Responses and Reactions of People to a Person with Mental Illness
Mental health professionals and other researchers have focused on public reactions and attitudes towards individuals with mental health illnesses. Besides published information, people with mental health challenges provide first-hand accounts of individual’s responses towards them and their conditions. Although many different reactions are evident in society, stigma and prejudice are the most common and affect the health outcomes of concerned persons (Corrigan 6). Stigma is prevalent among people with mental illnesses and is the leading factor behind their homelessness. Research and the experience of affected persons reveal that the condition challenges them doubly. On the one hand, they have to contend with the disabilities and symptoms of the illness. While on the other aspect, they suffer the prejudice and stereotypes that emanate from stigmatizing views of the disease. The public holds misconceptions about mental illness, an instance that deny people with the problem the opportunities in society, such as medical attention, employment, safe housing, and feeling of belonging.
Although the society has received considerable awareness regarding mental health, the stigma persists and affects some communities more than others, such as the marginalized. Many people have cognitive and affective responses (prejudice) that cause a behavioral reaction (discrimination). Prejudice might cause violent behavior towards the mentally ill person. Some people exhibit the fear that causes avoidance, such as refusal to hire a person with a mental illness or provide quality housing to such a person. Some people turn prejudice inwards, leading to self-discrimination. Fear of rejection and self-stigma have detrimental effects on mentally ill persons (Angermeyer, Matschinger, and Schomerus 147). Addressing the adverse reactions is the most effective way to improve the quality of care provided to people with mental illnesses.
Health Promotion Activities to Address the Impact on Stigma
Mental health stigma has detrimental effects on people with the illness. Therefore, short- and long-term efforts are necessary to overcome the negative impact. Health promotion provides long-lasting relief to people with the disease because it supports sustained improvements through behavior and mindset changes. Health promotion helps to address prejudice and stigma by others and the self (Wahlbeck 37). Through health promotion and education, the target audience receives correct information regarding mental health to eradicate negative perceptions.
The Ottawa Charter provides the basis for effective health promotion programs targeting mental health. The program is an enabler for people to have better control over and improve their health. It helps individuals to understand current challenges, such as poor access to mental health care due to stigma and the need for change to achieve quality improvement (Thompson, Watson, and Tilford 74). They should learn that health is an everyday resource instead of an objective of living. Therefore, health promotion should enhance care and support for the affected persons. Health promotion, according to the Charter, helps to build mental health public policy, create a supportive environment for the involved, strengthen community action, develop personal skills, and focus on prevention and promotion.

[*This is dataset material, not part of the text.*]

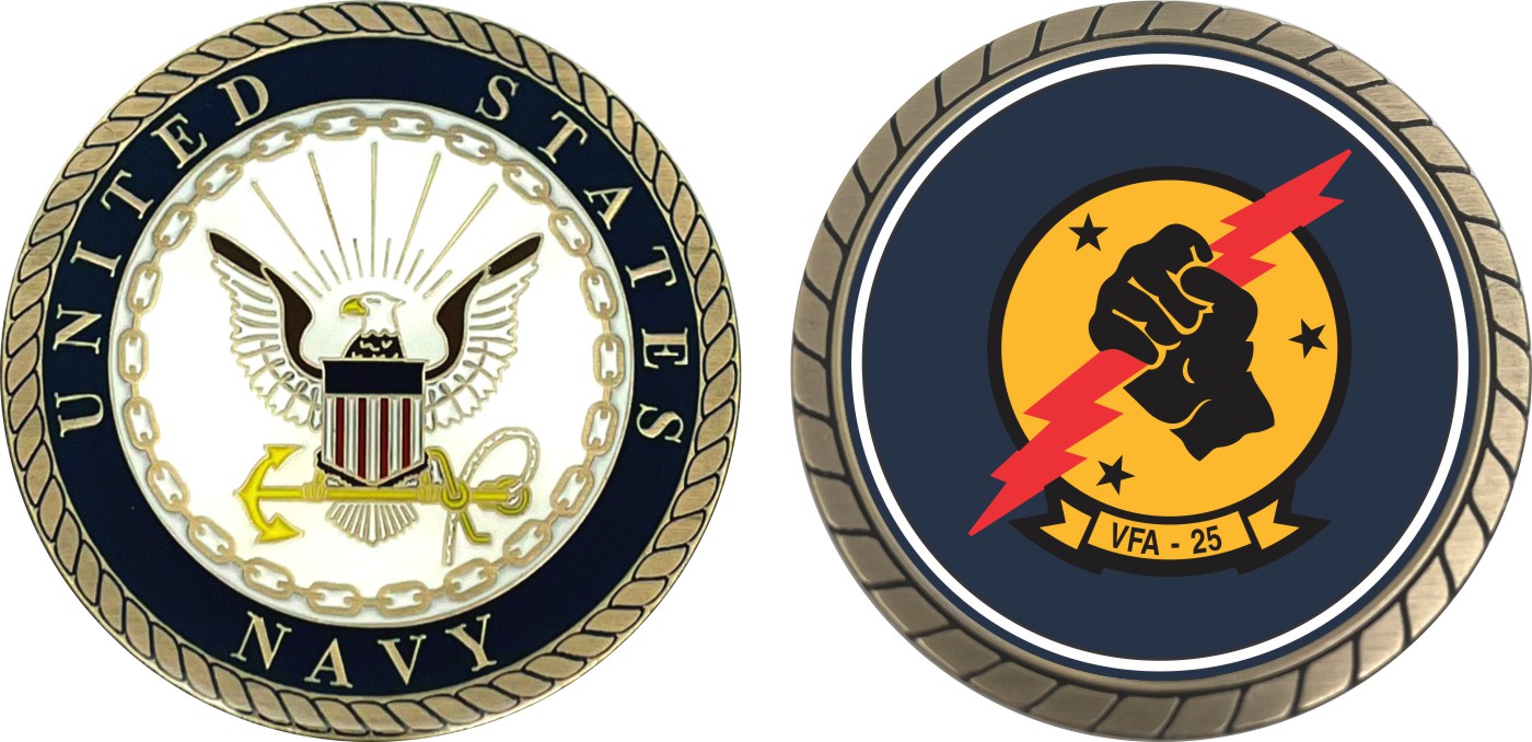 This 1 3/4” Navy VFA-25 Squadron Challenge Coin is proudly offered by Militarybest. This Officially Licensed Navy coin has beautiful enamel finish on one side and an organized crisp clean design on the opposite side.

Current mental Health Promotion activities in my region include Public Mental Health and Alcohol, Drug Use, and Health. The first program aims at assisting the youth in applying an evidence-based understanding of the detrimental effects of alcohol and drugs to help them to avoid their use and abuse. Substance use disorders are among the most common mental health illnesses in society. The second program creates awareness about the various ways of preventing and treating mental health illnesses in the community.
The article provides a justifiable framework for understanding drug and alcohol abuse in society. I concur with the content presented in the article because I have witnessed the detrimental effects of the negative behavior on a relative. I feel that the study provides timely information that my community can use to invest in drug and alcohol abuse programs to educate the youth about the dangers and provide support for those already using these substances.
Research published in the article reveals a high rate of alcohol and drug use among Australian adolescents. The study focused on students aged 12-17 years. The leading majority (79.6 percent) used alcohol only, 18.3 percent used a limited range multidrug, and 2 percent used extended range multidrug (White et al. 2070). Therefore, the high prevalence of alcohol and drug use provides the rationale for drug and alcohol abuse programs.
Three groups of Health Promotion (and Prevention) activities can help to address the issue of alcohol and drug use among Australian School Students, which include Community action, Community work, and Community development strategies. Community action strategies entail community awareness of drug issues. An example of a community work activity includes community alcohol and other drug action teams. A community development activity is a recreational activity for youth. Necessary resources to implement Health Promotion (and Prevention) activities in the community may include human resources (such as health care or social workers), financial resources (such a to implement the recreation activity), community support and collaboration, training materials, and other supplies.